Pendant ce temps, celui contre qui la plainte a été déposée aurait la possibilité de dire aux anciens : « C’est vrai que des accusations ont été portées par le frère contre moi, et que deux autres frères vinrent ensuite avec lui chez moi. Mais je prétends, frères, que ces accusations ne sont pas fondées, que l’affaire est du domaine privé et que les autres n’ont rien à y voir », ou tout autre chose qu’il souhaiterait leur dire. Alors il faudrait fournir la preuve que cette affaire mérite vraiment d’être portée devant l’Eglise, et qu’elle n’est pas un cas d’ingérence dans les affaires d’autrui. Car l’Eglise ne doit pas se réunir pour se mêler des affaires personnelles de quelqu’un.
Il serait ensuite convenable que les anciens soient suffisamment informés sur les causes du désaccord pour estimer si oui ou non l’Eglise s’immiscerait dans les affaires d’autrui en les examinant. Ils devraient s’informer juste assez pour savoir si c’est une affaire qui peut être portée devant l’Eglise. S’ils jugeaient qu’elle ne le peut pas, ils devraient dire à l’offensé : « Ce frère ne vous fait pas de tort ». Mais si l’une des parties continuait à penser que cette affaire devrait être portée devant l’Eglise, que la règle énoncée en Matthieu 18: 15-17 a été suivie jusqu’ici dans la mesure du possible, et si les anciens de la congrégation n’étaient pas désireux de la soumettre à cette dernière, il serait alors à propos que les membres de la congrégation déclarent si oui ou non ils désirent entendre le cas, et leur décision devrait être appliquée.
Comment conduire un jugement dans l’Eglise
Dans toute affaire entendue par l’assemblée, chaque intéressé devrait avoir l’occasion de présenter son côté de l’affaire, l’un d’exposer sa plainte et l’autre d’y répondre. A aucun moment de la procédure, des paroles désobligeantes ne devraient être permises. La personne qui tenterait d’en user devrait être considérée comme répréhensible pour cette raison, et ses paroles méchantes devraient être tenues pour un délit. Cette ligne de conduite recommandée est la seule que le Seigneur a sans doute voulu qu’on suivît. Ce qu’il faut cependant toujours garder à l’esprit, c’est le fait que le Peuple de Dieu ne doit pas s’ingérer dans les affaires d’autrui. Ni les membres de l’assemblée ni les anciens ne devraient être encouragés à agir de la sorte. Les gens gaspillent beaucoup de temps à donner de mauvais conseils, à donner des avis d’une manière contraire à celle enseignée dans la Règle d’or et en Matthieu 18 : 15.

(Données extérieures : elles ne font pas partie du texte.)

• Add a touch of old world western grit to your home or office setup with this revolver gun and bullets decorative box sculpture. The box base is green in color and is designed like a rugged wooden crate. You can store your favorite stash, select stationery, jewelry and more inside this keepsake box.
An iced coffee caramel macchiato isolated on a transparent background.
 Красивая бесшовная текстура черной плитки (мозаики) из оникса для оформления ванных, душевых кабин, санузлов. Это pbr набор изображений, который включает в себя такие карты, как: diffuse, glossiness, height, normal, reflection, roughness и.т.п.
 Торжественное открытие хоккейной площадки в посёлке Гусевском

Si l’assemblée, après avoir patiemment écouté des accusations précises et positives, constate que malgré les diverses démarches entreprises, le frère contre qui la plainte a été déposée a vraiment fait du tort et continue à en faire, elle devrait le déclarer coupable des fautes qui lui sont reprochées. Le vote de l’Eglise devrait être, si possible, unanime et toute partialité devrait être ignorée. Puisque les membres de l’assemblée ne condamnent personne aux tourments éternels et qu’ils ne rendent en aucune façon de jugement contre le frère coupable, leur décision doit être considérée comme un conseil et ne doit porter en elle la moindre pénalité. Ils avertissent simplement le frère que sa conduite est contraire aux Ecritures, et que s’il ne change pas sa manière d’agir, ils ne pourront plus le considérer comme un membre du Peuple de Dieu.

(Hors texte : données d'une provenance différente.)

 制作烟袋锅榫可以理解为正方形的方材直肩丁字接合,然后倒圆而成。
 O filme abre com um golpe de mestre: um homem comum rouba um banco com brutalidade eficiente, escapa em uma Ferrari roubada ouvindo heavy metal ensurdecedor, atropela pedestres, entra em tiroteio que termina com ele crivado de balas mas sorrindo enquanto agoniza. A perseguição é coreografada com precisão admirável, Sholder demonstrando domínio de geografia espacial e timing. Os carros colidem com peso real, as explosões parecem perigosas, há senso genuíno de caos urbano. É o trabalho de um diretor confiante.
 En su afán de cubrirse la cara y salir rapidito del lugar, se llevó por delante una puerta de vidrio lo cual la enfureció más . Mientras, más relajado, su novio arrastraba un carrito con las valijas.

En le privant de leur communion, ils ne le maltraitent pas, car nous n’agissons pas ainsi avec les pécheurs et les publicains. Mais nous ne voudrions pas demander à un publicain ou à un pécheur de prendre part au service comme ancien ou comme diacre, ou à quelque autre service de ce genre. Aussi, le frère coupable ne sera pas invité à dire la prière ou à faire quelque chose que l’on ne demanderait pas à un étranger de faire. C’est ainsi que les membres de l’assemblée lui retireraient leur communion. C’est encore un frère, mais non pas au sens plein du terme, car il a négligé d’écouter la voix des frères qui s’exprimèrent suivant les directives données par le Seigneur.

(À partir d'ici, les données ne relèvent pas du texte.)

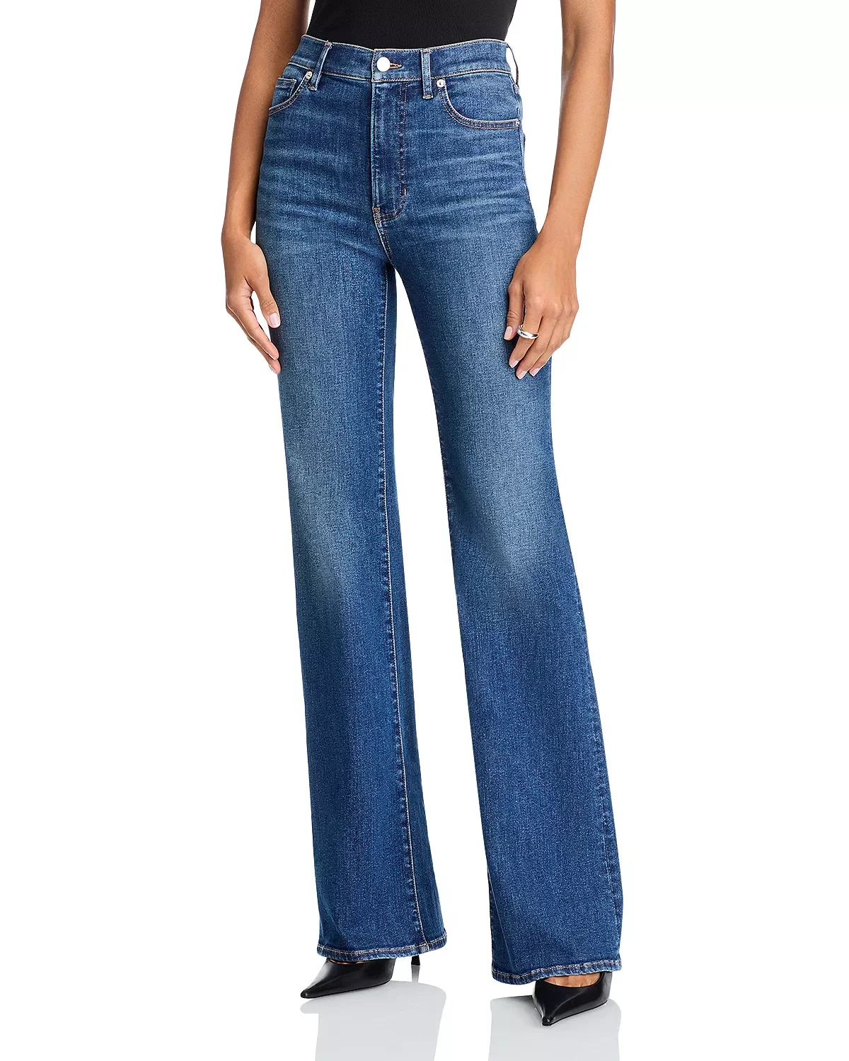 PRODUCT DETAILS - Zip fly with button closure, five-pocket silhouette - Contrast stitching, silver-tone hardware, belt loops - Whiskered, faded - Wide-leg silhouette - Imported Web ID: 5752294 MATERIAL & CARE - 86% cotton/10% polyester/4% spandex - Machine wash

Il pourrait cependant être possible à une assemblée de se tromper en jugeant une affaire, et de prendre une décision contre un frère qui a bien agi. Ce frère pourrait alors dire : « Mes chers frères, je respecte votre opinion à propos de cette affaire, mais je suis peiné que quelque chose dans ma conduite vous semble être condamnable. Je vous promets que j’arrangerai l’affaire autant que j’en serai capable. Bien que, pour être juste avec moi-même, je ne puis modifier mon point de vue, cependant, par respect pour votre décision unanime, dans cette affaire je ne suivrai pas mon jugement que je sens être correct. Et si, par conséquent, je souffre quelque injustice, le Seigneur me la comptera comme un sacrifice fait pour Son Corps, l’Eglise. Ainsi donc, chers frères, tout en vous remerciant des sentiments que vous avez aimablement exprimés envers moi, je désire vous apprendre qu’ils ne m’ont pas fait justice. Et je pense que vous m’informerez de votre changement d’opinion sur le sujet, si jamais vous changez d’avis.
Si le frère était vraiment dans l’erreur, il pourrait dire : « Eh bien alors, mettez-moi dehors » L’assemblée pourrait répondre : « Nous ne vous mettons pas dehors, et vous ne devriez pas dire que vous vous retirerez du milieu de nous. Nous ne tiendrons pas votre remarque pour une réponse de votre part. Nous espérons que le Seigneur vous fera voir que notre action a été très aimable et très fraternelle, et que c’est une partie de notre devoir actuel de nous conformer aux vues de l’assemblée. Si le Seigneur nous montre que nous avons tort, nous serons très heureux de le reconnaître. Mais entre-temps, cher frère, nous n’avons aucun désir de vous nuire, mais simplement de faire notre devoir à l’égard du Seigneur et de Sa Parole ».
Cette manière d’agir est celle qu’il conviendrait d’avoir ; nous ne devrions pas dresser une barricade entre des frères. Mais il serait très facile de faire du tort à tel frère en lui disant : « Eh bien, ne vous montrez plus jamais ici, à moins que vous ne retiriez toutes les paroles que vous avez dites ». La majorité des gens ont une telle estime d’eux-mêmes qu’ils ne reviendraient pas sur ce qu’ils ont dit si on leur parlait ainsi, mais ils pourraient le faire si l’on manifestait envers eux l’Esprit du Seigneur, l’esprit d’amour et de justice.